Sep 2008 | Alexander Klaser, Marcin Marszalek, Cordelia Schmid
This paper presents a novel spatio-temporal descriptor based on 3D gradients for video action recognition. The proposed descriptor is built on histograms of oriented 3D spatio-temporal gradients. The key contributions include: (i) an efficient algorithm for computing 3D gradients at arbitrary scales using integral videos; (ii) a generic 3D orientation quantization based on regular polyhedrons; (iii) an in-depth evaluation and optimization of all descriptor parameters for action recognition; and (iv) application of the descriptor to multiple action datasets (KTH, Weizmann, Hollywood), where it outperforms the state-of-the-art.
The descriptor is based on the success of HoG-based descriptors for static images, generalized to 3D. It computes 3D gradients for arbitrary spatial and temporal scales using integral videos.
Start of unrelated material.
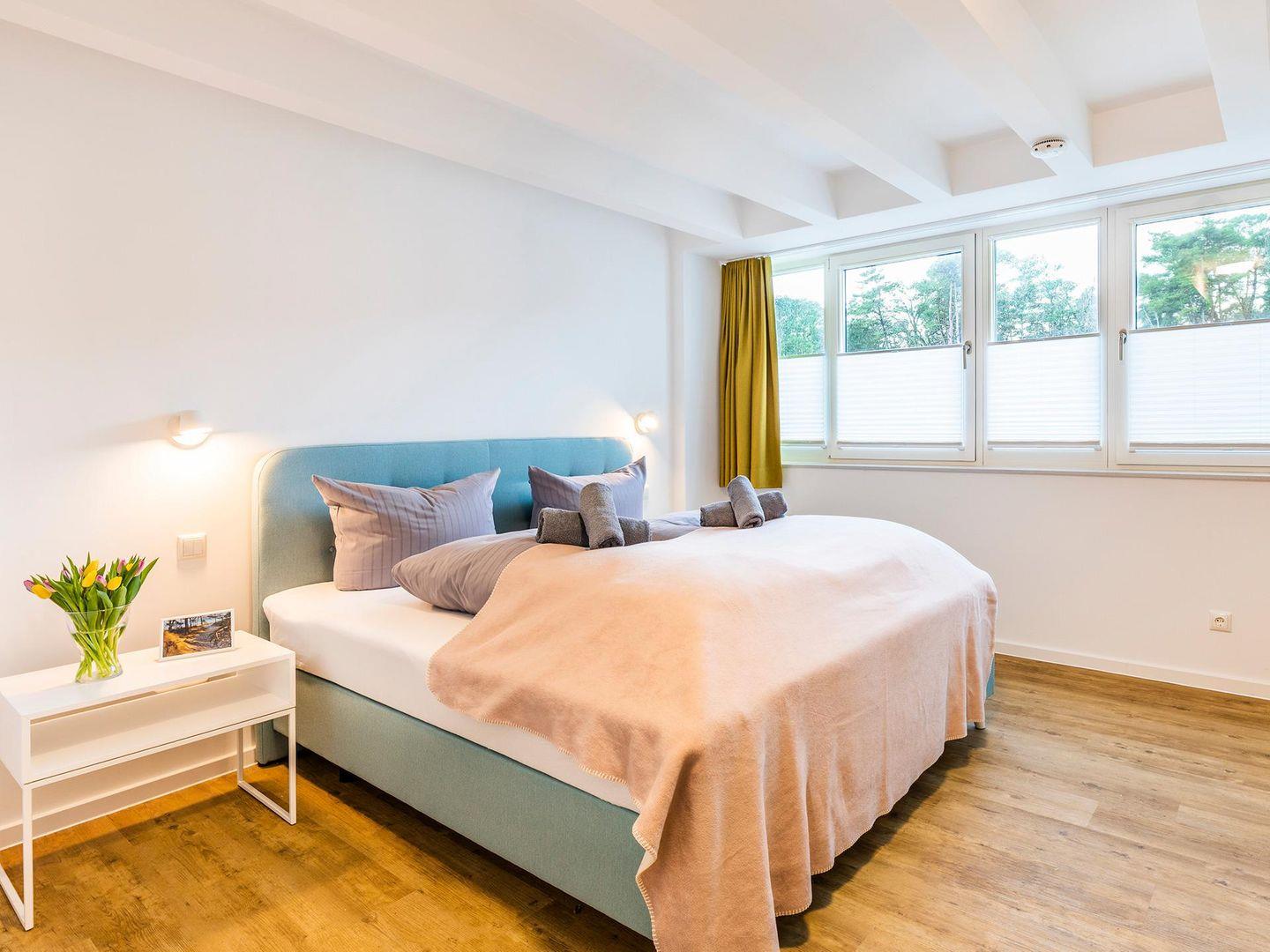 - Schlafzimmer 1 (Seeseite): Boxspringbett (180x200), Kleiderschrank, Sideboard, TV- Flachbild, Gardinen, Zugang zur Terrasse

Orientation quantization is performed using regular polyhedrons, such as the icosahedron, which provides a more robust and efficient method compared to traditional polar coordinate-based approaches. The descriptor is evaluated on three action datasets: KTH, Weizmann, and Hollywood. It achieves high accuracy on all datasets, outperforming existing methods on two of them and matching on the third.
The descriptor is constructed by dividing the video into subblocks, computing mean gradients for each subblock, quantizing the gradient orientations, and then creating histograms of these quantized gradients. The histograms are then concatenated into a feature vector, which is normalized and used for classification. The parameters of the descriptor are optimized for action recognition, with the best results achieved using an icosahedron with full orientation quantization.
The descriptor is applied to the KTH, Weizmann, and Hollywood datasets, achieving state-of-the-art performance on all three. It outperforms existing methods on two of the datasets and matches on the third. The results show that the proposed descriptor is effective for action recognition in videos, with high accuracy and robustness to changes in illumination and small deformations. The method is efficient and memory-friendly, making it suitable for real-world applications. Future work includes learning descriptor parameters on a per-class basis to further improve performance.This paper presents a novel spatio-temporal descriptor based on 3D gradients for video action recognition. The proposed descriptor is built on histograms of oriented 3D spatio-temporal gradients. The key contributions include: (i) an efficient algorithm for computing 3D gradients at arbitrary scales using integral videos; (ii) a generic 3D orientation quantization based on regular polyhedrons; (iii) an in-depth evaluation and optimization of all descriptor parameters for action recognition; and (iv) application of the descriptor to multiple action datasets (KTH, Weizmann, Hollywood), where it outperforms the state-of-the-art.
The descriptor is based on the success of HoG-based descriptors for static images, generalized to 3D. It computes 3D gradients for arbitrary spatial and temporal scales using integral videos. Orientation quantization is performed using regular polyhedrons, such as the icosahedron, which provides a more robust and efficient method compared to traditional polar coordinate-based approaches. The descriptor is evaluated on three action datasets: KTH, Weizmann, and Hollywood. It achieves high accuracy on all datasets, outperforming existing methods on two of them and matching on the third.
The descriptor is constructed by dividing the video into subblocks, computing mean gradients for each subblock, quantizing the gradient orientations, and then creating histograms of these quantized gradients. The histograms are then concatenated into a feature vector, which is normalized and used for classification. The parameters of the descriptor are optimized for action recognition, with the best results achieved using an icosahedron with full orientation quantization.
The descriptor is applied to the KTH, Weizmann, and Hollywood datasets, achieving state-of-the-art performance on all three. It outperforms existing methods on two of the datasets and matches on the third. The results show that the proposed descriptor is effective for action recognition in videos, with high accuracy and robustness to changes in illumination and small deformations. The method is efficient and memory-friendly, making it suitable for real-world applications. Future work includes learning descriptor parameters on a per-class basis to further improve performance.